Recombinant Salmonella typhimurium Bifunctional protein aas (aas)

What is Bifunctional protein aas in Salmonella typhimurium?

Bifunctional protein aas in Salmonella typhimurium is a 719-amino acid protein (UniProt ID: Q8ZMA4) that likely plays multiple functional roles in bacterial metabolism and potentially in pathogenesis. The "bifunctional" designation indicates it performs dual biochemical functions, which is common for proteins involved in bacterial metabolic pathways. Based on sequence analysis, it appears to contain domains associated with acyl-CoA synthetase activity and potentially phospholipid metabolism. When expressed recombinantly, it can be produced with an N-terminal His tag in E. coli expression systems .

What is the molecular structure and characteristics of Bifunctional protein aas?

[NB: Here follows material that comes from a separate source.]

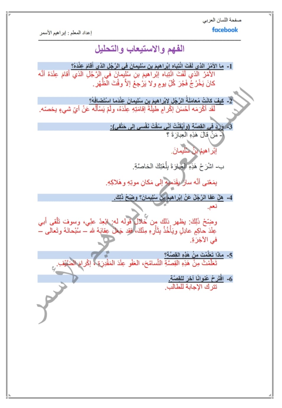 من شيم الكرام حل أسئلة المعجم والدلالة والفهم والاستيعاب لمادة العربية لغتي الصف السادس الفصل الاول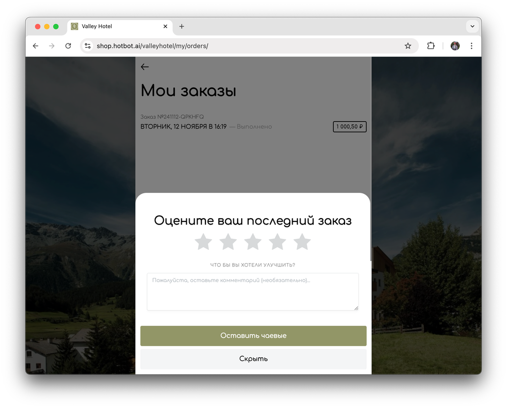 1. После выполнения заказа у гостя на витрине всплывает окошко с предложением оставить отзыв.

The Bifunctional protein aas consists of 719 amino acids with several functional domains. Analysis of its amino acid sequence reveals potential substrate binding sites and catalytic domains. The protein contains motifs suggesting enzymatic activity, particularly in lipid metabolism pathways. The complete amino acid sequence (MLFGFFRNLFRVLYRVRVTGDVRALQGNRVLITPNHVSFIDGMLLALFLPVRPVFAVYTS...) indicates the presence of hydrophobic regions and potential membrane association domains . The protein can be produced in E. coli expression systems and purified to greater than 90% purity using appropriate chromatographic techniques, yielding a stable protein that can be stored as a lyophilized powder .

How does Bifunctional protein aas compare between Salmonella typhimurium and Salmonella choleraesuis?

Both Salmonella typhimurium and Salmonella choleraesuis express Bifunctional protein aas with similar characteristics. The proteins from both species are 719 amino acids in length and can be expressed recombinantly with N-terminal His tags in E. coli expression systems . While the exact sequence homology is not specified in the search results, proteins from these closely related Salmonella species likely share high sequence similarity and conserved functional domains. Both can be purified using similar methodologies and maintained in similar buffer conditions (Tris/PBS-based buffer with 6% Trehalose at pH 8.0) . Research approaches for studying either protein would follow similar protocols, though specific antibodies might be needed to distinguish between them in experimental settings.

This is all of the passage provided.